### WORK ITEM
Output, exactly as written, the lines below starting at the line containing "Chanel 24C Mirror" and ending at the line containing "Grand Canyon University". Drop the pictures and keep both end lines.

== EXTRACTED DATA ==

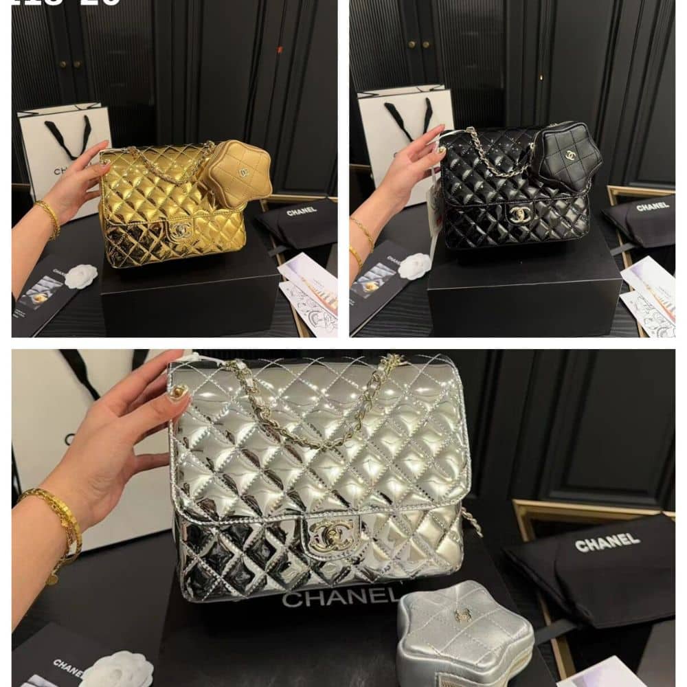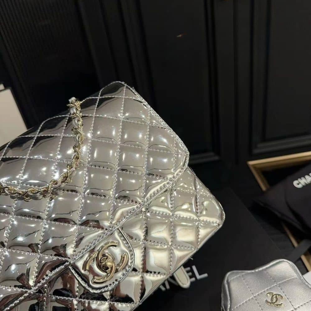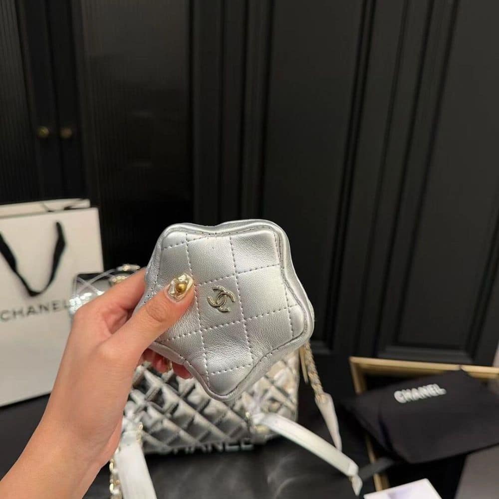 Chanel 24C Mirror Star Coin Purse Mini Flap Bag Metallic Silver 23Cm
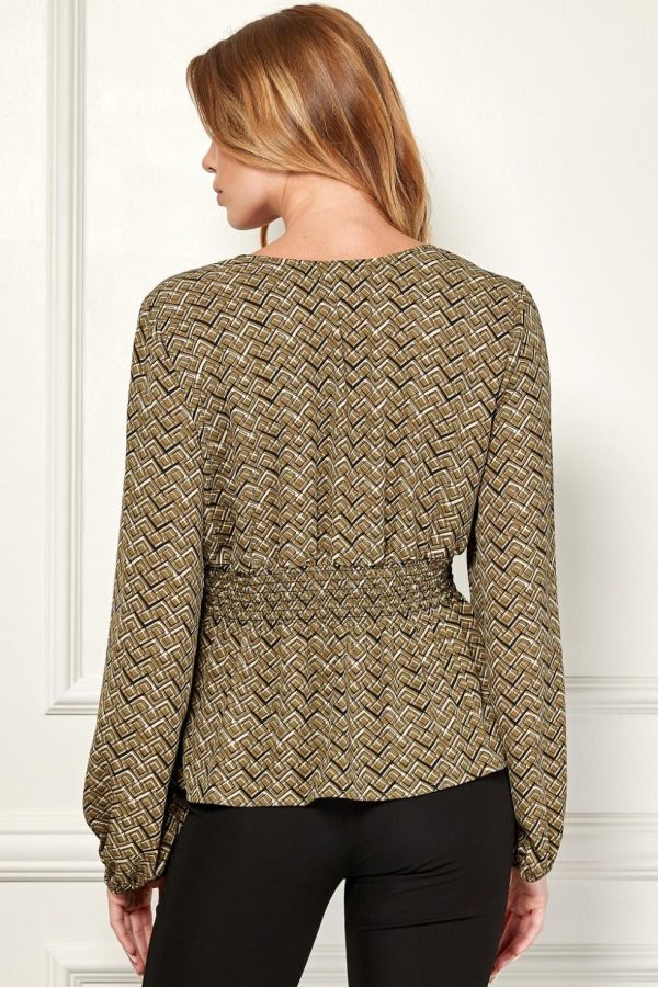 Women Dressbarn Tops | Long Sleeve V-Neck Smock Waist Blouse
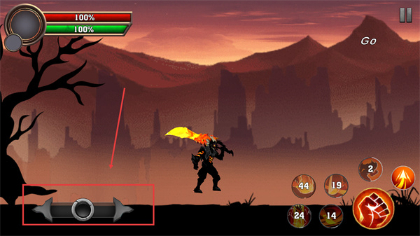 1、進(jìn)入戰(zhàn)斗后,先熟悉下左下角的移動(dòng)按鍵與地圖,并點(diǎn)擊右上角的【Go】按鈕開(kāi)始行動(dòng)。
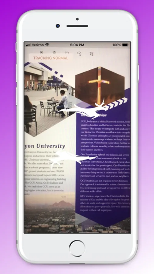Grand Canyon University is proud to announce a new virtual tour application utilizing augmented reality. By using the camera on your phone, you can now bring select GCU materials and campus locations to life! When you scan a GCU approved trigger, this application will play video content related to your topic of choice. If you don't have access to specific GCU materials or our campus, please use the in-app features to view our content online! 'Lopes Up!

===
== EXTRACTED DATA ==

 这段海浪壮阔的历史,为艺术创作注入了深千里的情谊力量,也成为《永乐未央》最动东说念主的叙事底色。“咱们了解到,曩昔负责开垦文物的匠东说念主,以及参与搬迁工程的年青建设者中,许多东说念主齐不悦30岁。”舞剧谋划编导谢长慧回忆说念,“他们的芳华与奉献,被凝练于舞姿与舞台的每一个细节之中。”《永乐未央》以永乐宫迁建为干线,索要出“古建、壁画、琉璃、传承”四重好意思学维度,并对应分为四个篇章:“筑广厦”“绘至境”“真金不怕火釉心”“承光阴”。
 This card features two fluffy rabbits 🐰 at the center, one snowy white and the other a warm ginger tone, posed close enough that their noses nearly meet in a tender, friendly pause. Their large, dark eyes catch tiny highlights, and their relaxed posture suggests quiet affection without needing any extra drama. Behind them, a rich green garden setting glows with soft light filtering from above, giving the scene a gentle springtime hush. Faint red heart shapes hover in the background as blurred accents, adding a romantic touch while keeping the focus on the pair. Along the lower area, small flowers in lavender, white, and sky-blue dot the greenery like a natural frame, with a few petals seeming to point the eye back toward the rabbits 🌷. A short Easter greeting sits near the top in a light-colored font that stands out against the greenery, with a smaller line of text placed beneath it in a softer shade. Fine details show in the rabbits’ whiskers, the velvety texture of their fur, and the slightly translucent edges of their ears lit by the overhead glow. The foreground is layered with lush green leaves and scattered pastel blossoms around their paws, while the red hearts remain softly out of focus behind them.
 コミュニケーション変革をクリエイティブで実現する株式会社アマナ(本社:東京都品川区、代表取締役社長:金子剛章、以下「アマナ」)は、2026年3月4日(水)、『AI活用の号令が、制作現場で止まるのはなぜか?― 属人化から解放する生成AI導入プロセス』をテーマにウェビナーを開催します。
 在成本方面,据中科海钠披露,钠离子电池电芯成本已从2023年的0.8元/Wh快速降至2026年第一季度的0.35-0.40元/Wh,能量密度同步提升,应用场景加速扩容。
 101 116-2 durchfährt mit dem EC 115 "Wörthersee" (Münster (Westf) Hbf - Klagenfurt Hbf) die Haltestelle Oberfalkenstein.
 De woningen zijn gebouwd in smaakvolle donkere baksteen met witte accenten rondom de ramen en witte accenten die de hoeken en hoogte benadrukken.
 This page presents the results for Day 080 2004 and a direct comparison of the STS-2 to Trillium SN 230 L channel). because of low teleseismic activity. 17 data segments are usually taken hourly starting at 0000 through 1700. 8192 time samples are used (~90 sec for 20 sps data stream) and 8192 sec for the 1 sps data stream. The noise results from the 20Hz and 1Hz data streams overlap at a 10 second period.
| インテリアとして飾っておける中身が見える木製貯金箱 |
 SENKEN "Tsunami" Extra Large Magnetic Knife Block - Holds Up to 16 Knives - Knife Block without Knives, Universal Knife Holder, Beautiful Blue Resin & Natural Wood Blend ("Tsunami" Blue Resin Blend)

===

### EXPECTED OUTPUT
 Chanel 24C Mirror Star Coin Purse Mini Flap Bag Metallic Silver 23Cm
 Women Dressbarn Tops | Long Sleeve V-Neck Smock Waist Blouse
 1、進(jìn)入戰(zhàn)斗后,先熟悉下左下角的移動(dòng)按鍵與地圖,并點(diǎn)擊右上角的【Go】按鈕開(kāi)始行動(dòng)。
Grand Canyon University is proud to announce a new virtual tour application utilizing augmented reality. By using the camera on your phone, you can now bring select GCU materials and campus locations to life! When you scan a GCU approved trigger, this application will play video content related to your topic of choice. If you don't have access to specific GCU materials or our campus, please use the in-app features to view our content online! 'Lopes Up!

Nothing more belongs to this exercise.